Direct analysis of transcription factor protected cfDNA in plasma by ChIP-seq: Measurement of altered CTCF binding in cancer is a novel biomarker for liquid biopsy

For the first time, we have isolated endogenous plasma cell free CTCF-DNA (cfCTCF-DNA) nucleoproteins by chromatin immunoprecipitation (ChIP) and sequenced the associated cfDNA (ChIP-Seq).

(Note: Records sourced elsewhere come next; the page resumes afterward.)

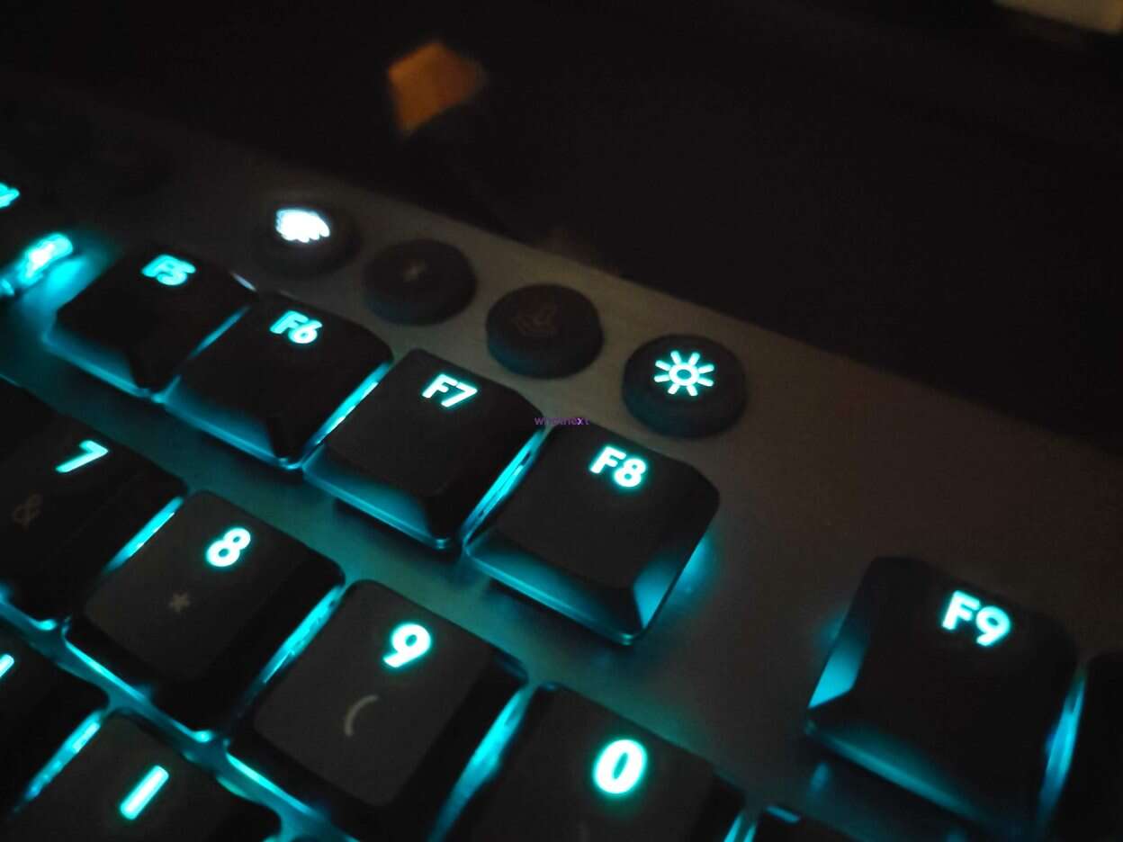 Chociaż opisywane przeze mnie dodatki mogą wydać się prozaiczne, wyjątkowe w nich jest nawet samo podświetlenie. Możemy ustawić, jaki kolor mogą przybrać klawisze G1-G5, przycisk zmiany natężenia jasności, przyciski multimedialne pod rolką… ale niestety nie dokonamy tego z M1-MR (te pozostają żółte) oraz przyciskiem trybu łączności i gamingowego (te niezmiennie świecą na biało).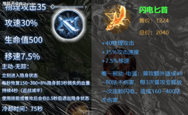 从属性来看,基础部分和闪电匕首相差不大,但闪电匕首被动伤害是全期生效,如果抠掉被动换成主动隐身,可能没有太多意义,大部分时间都是在发育和赶路,导致伤害严重不足。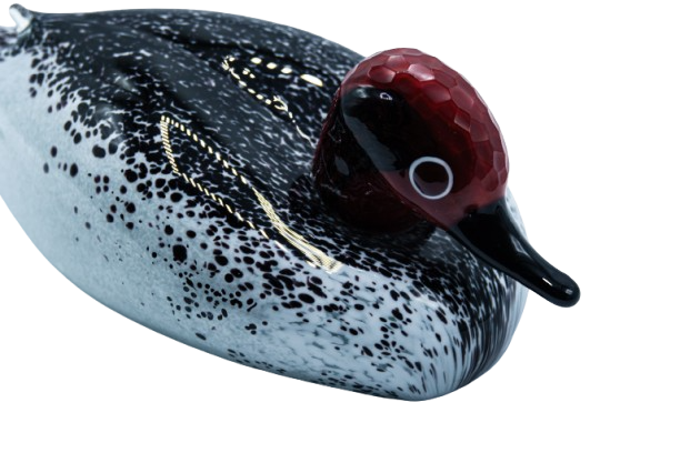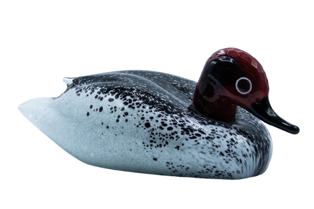 Stylized blown glass elephant with polychrome color spots.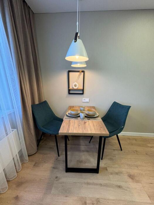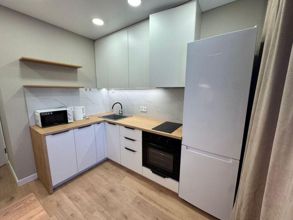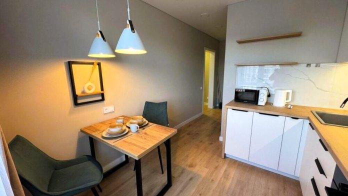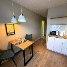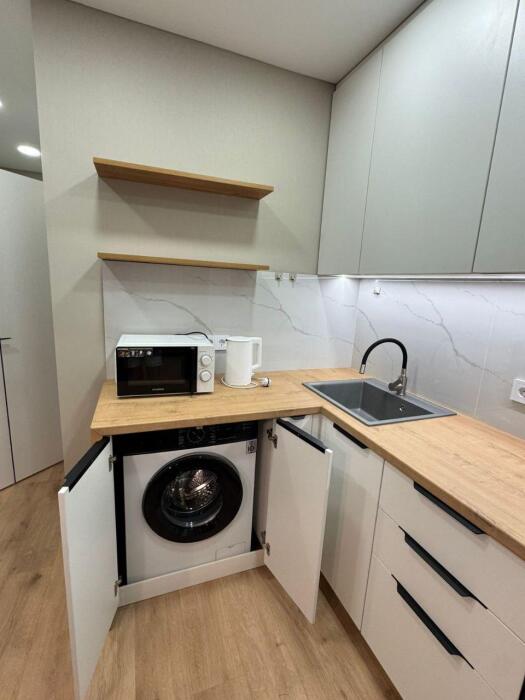 - Оборудованная кухня (холодильник, печь СВЧ, электрочайник, посуда, приборы, стиральная машина);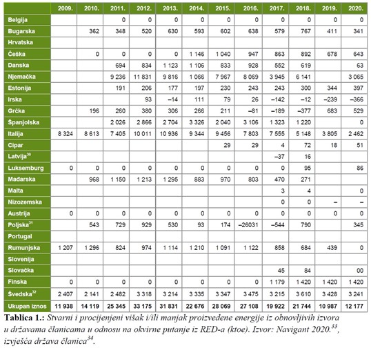 „Na taj je način Hrvatska premašila ciljeve strategije Europa 2020. (Bruxelles, 14.10.2020. COM(2020) 952 final) koji se odnose na udio energije iz obnovljivih izvora postavljene za 2020.“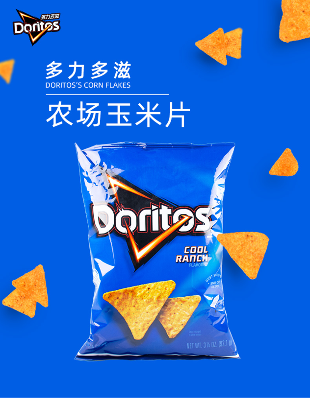 这款多力多滋玉米片是一款膨化薯片,使用本土优质玉米为原料,三角形状,香脆大片,入口咔吱咔吱脆,有奶酪味和农场味可选。

The mean observed enrichment of plasma cfCTCF-DNA by ChIP was 180-fold with a mean CTCF recovery of 48%. Background cfDNA, primarily in the form of nucleosomes, was almost completely removed (> 99.7%). ChIP-seq analysis of cell line and tissue material is a powerful tool that has underpinned our understanding of epigenetic control and has elucidated tens of thousands of CTCF binding sites in the human genome. CTCF binding is altered in cancer and other diseases indicating the potential for use as a tissue based biomarker. In addition, the presence of cell free cfCTCF-DNA in plasma has been inferred in aggregate from cfDNA-footprinting and nucleosome positioning studies. However, these methods have provided little or no information on the occupancy of individual CTCF binding sites limiting their potential for biomarker use in liquid biopsy. We describe direct liquid biopsy analysis of CTCF occupancy of individual CTCF binding sites represented in plasma as short CTCF associated 35–80 base pair cfDNA fragments. We report the observation of several hundred cfCTCF-DNA binding site loci representing cancer-associated gain of occupancy CTCF binding site sequences present in the plasma of cancer patients but not present in the plasma of healthy subjects. Longer 135–180 base pair cfDNA fragments bearing the same sequences are found in healthy plasma samples, but these are nucleosome bound and are removed by CTCF ChIP. We conclude that plasma cfCTCF-DNA nucleoproteins represent a new class of liquid biopsy biomarkers that can be directly analyzed in plasma by ChIP-Seq. In addition, the method described may have wider application for analysis of the binding of some of the 370 cancer cell derived transcription factors, each with more than 10,000 binding sites in the human genome, whose activity has been detected in plasma by cfDNA nucleosome positioning analysis.